Find A Franchising Business For Sale Now And Become Your Own Boss

Starting your own business can be nerve wracking, there are a million and one things that you will need to take care of, from the quality of your product or service through to your branding and marketing, from your front of house to your supplies and logistics. Generally speaking when you start your own business you need to take care of all these different areas yourself and there will be an area, or areas, where you struggle. There is a better way: franchising. With franchising you get all the benefits of running your own business with far less risk, many of the secondary tasks and areas are taken care for you when you run a franchise, from marketing to supply, leaving you to focus on your primary business tasks. You can find great franchise businesses for sale right now.

You will find that there are some incredible franchises available right now. You can find one that suits your talents and passions. Running a business under a franchise means that you get all the advantages of being part of a big business, such as the name recognition, the power of bulk buying and the massive advertising budget all while still being your own boss.

When you start a franchise you get a proven business model, you get to open your own business yet you have the support and guidance of a successful team that will help you at every step of the way, which means that you are far more likely to succeed.
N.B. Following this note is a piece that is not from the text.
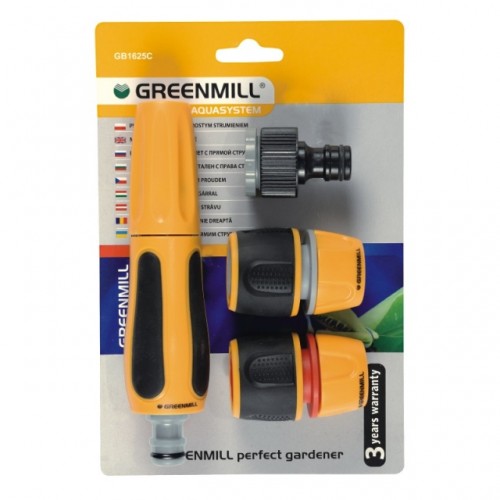 Set de conectori GB1625C, conține: duza de pulverizare reglabilă, conector universal de robinet 3 / 4-1 / 2 ", conector rapid 1/2", Ideal pentru udare și curățare. Jet de apă reglabil de la jetul dur la ceața fină. Cu oprirea debitului de apă.

Starting a franchise also means that a you will have a shorter time to opening, you will be give both initial training and ongoing support and you will benefit from having a network of peers (fellow franchisees) who can provide advice and moral support through annual conferences, and franchisee associations; and, increasingly, assistance with securing funding.

If you want to find some great business franchises in Australia then you need to work out what kind of work you want to do. Many people who want to start their own franchise are keen to become more free in their work lives, meaning that a good franchise is one where they are mobile and can pick and choose which clients or customers to pick up.

Take a pool cleaning franchise, you can work in the area near your home and can choose how much you work. You can find some great pool business for sale right now.